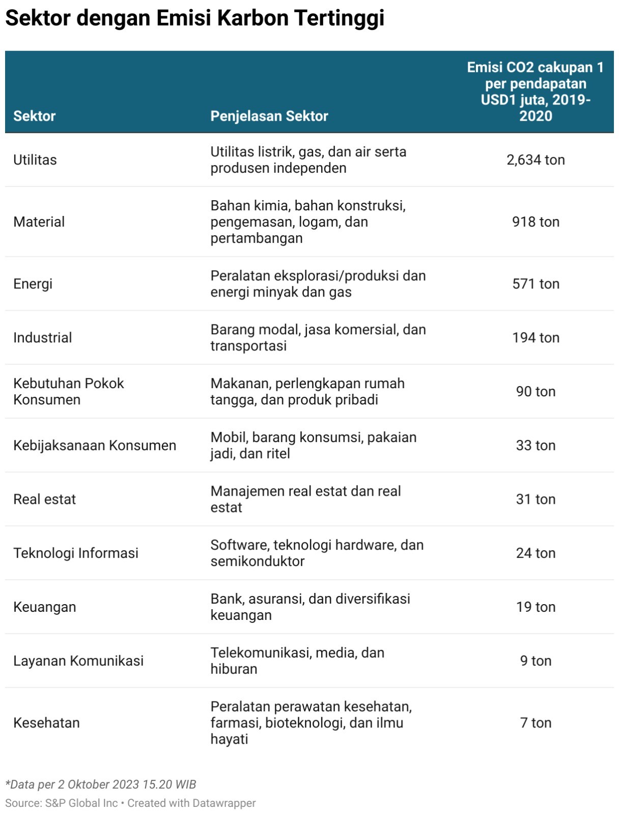 Perusahaan utilitas merujuk pada pelayanan yang diberikan oleh perusahaan yang dikonsumsi oleh publik seperti gas alam, air, listrik, transportasi dan sebagainya. Perusahaan utilitas menjadi bisnis yang paling intensif karbon di dunia, dengan emisi sebesar 2.634 ton CO2 per USD1 juta pendapatan atau setara dengan Rp15,5 miliar (kurs Rp15.500 per dolar).
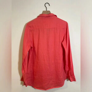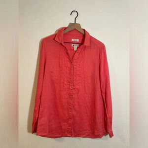 Malvin Hamburg Germany Linen Shirt Womens Large Salmon/Pink ButtonUp Embroidered
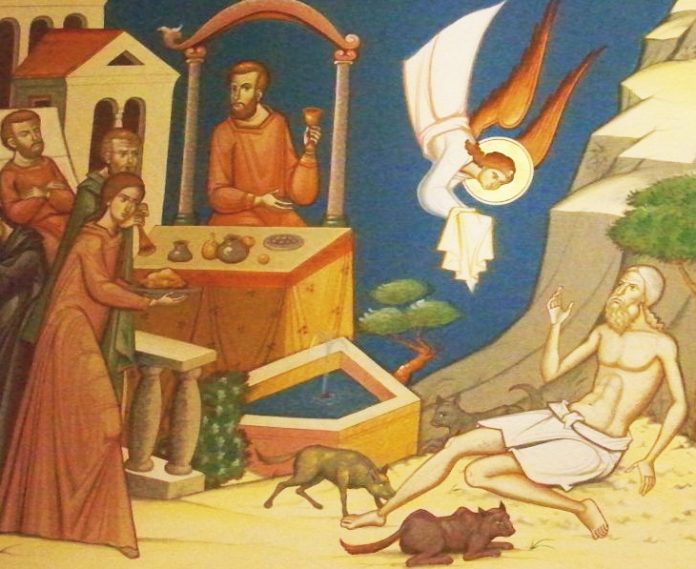 Zis-a Domnul: «Era un om bogat care se îmbrăca în porfiră şi în vison, veselindu-se în toate zilele în chip strălucit, iar un sărac, anume Lazăr, zăcea înaintea porţii lui, plin de bube»
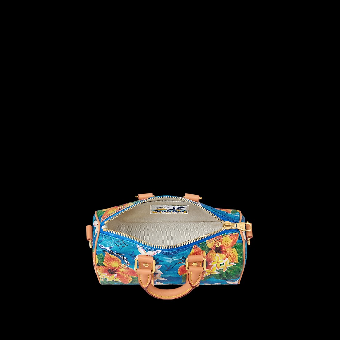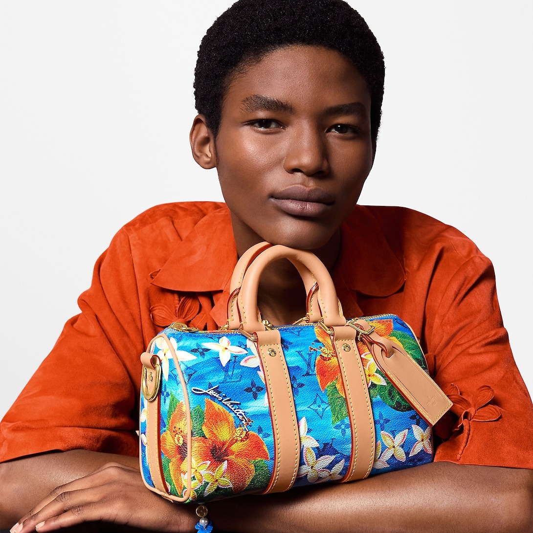 Showcasing the House’s superior craftsmanship, this Keepall Bandoulière 25 is hand-made; the shell of the bag taking about 40 hours to create. The woven Damier pattern is paired with natural leather trim, evoking the House's heritage design codes.
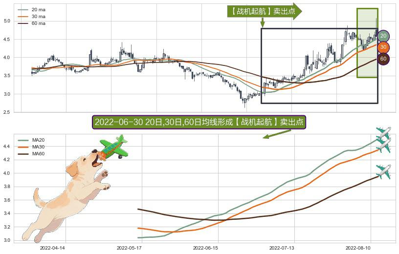 形态多维评估: ⚀ 2022-05-16日-2022-08-12日显现 20日-30日-60日均线 【战机起航】卖出点 看空信号,后市看跌,卖出
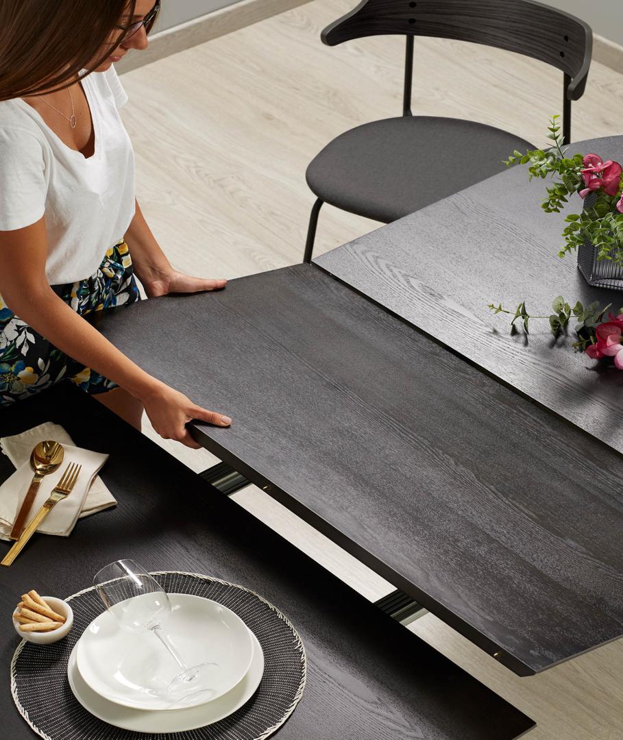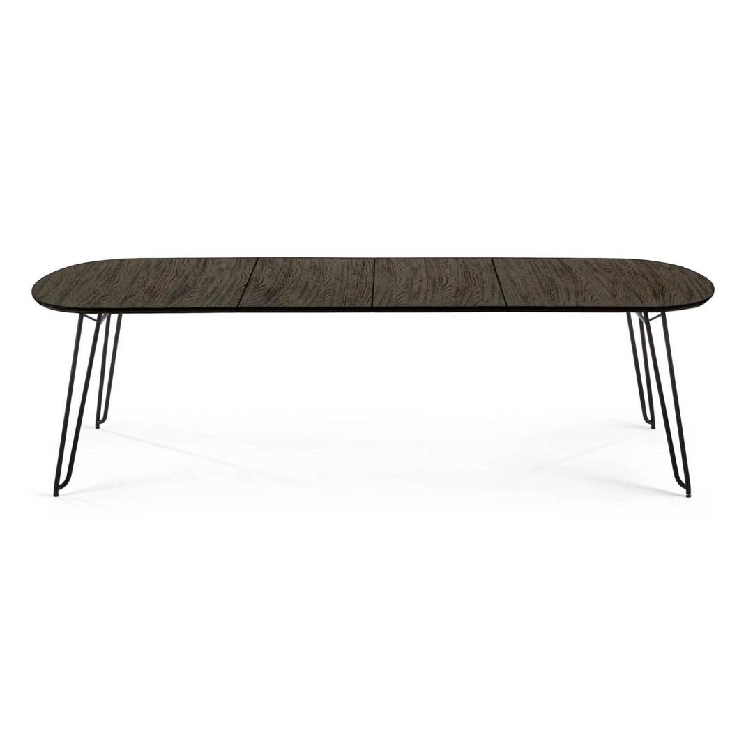 Стол раздвижной Norfort от фабрики La Forma – потрясающий фьюжн для квартиры «со вкусом». Стол выглядит очаровательно и стильно. Его изящная конструкция визуально облегчает внешний вид. Поэтому он кажется совершенно негабаритным, даже если раздвинуть столешницу. Да, дизайнерам удалось соединить несовместимое – утонченность и большую площадь. Стол отлично подойдет для гостиной в городской квартире, оформленной в современном стиле. Стол овальной формы. Столешница сделана из МДФ натурального дерева. Для защиты поверхности во время эксплуатации, на нее нанесено специальное покрытие. Цвет столешницы у базовой модели – венге. Опора имеет сварную конструкцию, сделана из металла, покрытого черной эпоксидной краской. Она состоит из четырех двойных ножек, рамы, поддерживающей столешницу по всему периметру, и поперечных перекладин, обеспечивающих прочность при нагрузках. Чтобы удлинить стол, нужно раздвинуть края столешницы и извлечь дополнительные панели. Далее их следует уложить на металлические направляющие. В зависимости от выбранной модели, максимальная длина стола составляет 320 см. Размеры: длина – 140-220 или 170-320 см, ширина – 90 или 100 см, высота – 75 см. Для самостоятельной сборки в комплектацию включены инструкция и крепеж. В коллекции Norfort также представлены круглый стол, тумба под ТВ, буфет. Во избежание повреждения поверхности столешницы рекомендуется использовать скатерти или салфетки.

::::::::

* Aim of the exercise
Keeping both end lines, retype exactly the lines from the first line of the material through the line that contains "形态多维评估: ⚀ 2022-05-16日-2022-08-12日显现", but not the pictures.

* Reply to the exercise
 Perusahaan utilitas merujuk pada pelayanan yang diberikan oleh perusahaan yang dikonsumsi oleh publik seperti gas alam, air, listrik, transportasi dan sebagainya. Perusahaan utilitas menjadi bisnis yang paling intensif karbon di dunia, dengan emisi sebesar 2.634 ton CO2 per USD1 juta pendapatan atau setara dengan Rp15,5 miliar (kurs Rp15.500 per dolar).
 Malvin Hamburg Germany Linen Shirt Womens Large Salmon/Pink ButtonUp Embroidered
 Zis-a Domnul: «Era un om bogat care se îmbrăca în porfiră şi în vison, veselindu-se în toate zilele în chip strălucit, iar un sărac, anume Lazăr, zăcea înaintea porţii lui, plin de bube»
 Showcasing the House’s superior craftsmanship, this Keepall Bandoulière 25 is hand-made; the shell of the bag taking about 40 hours to create. The woven Damier pattern is paired with natural leather trim, evoking the House's heritage design codes.
 形态多维评估: ⚀ 2022-05-16日-2022-08-12日显现 20日-30日-60日均线 【战机起航】卖出点 看空信号,后市看跌,卖出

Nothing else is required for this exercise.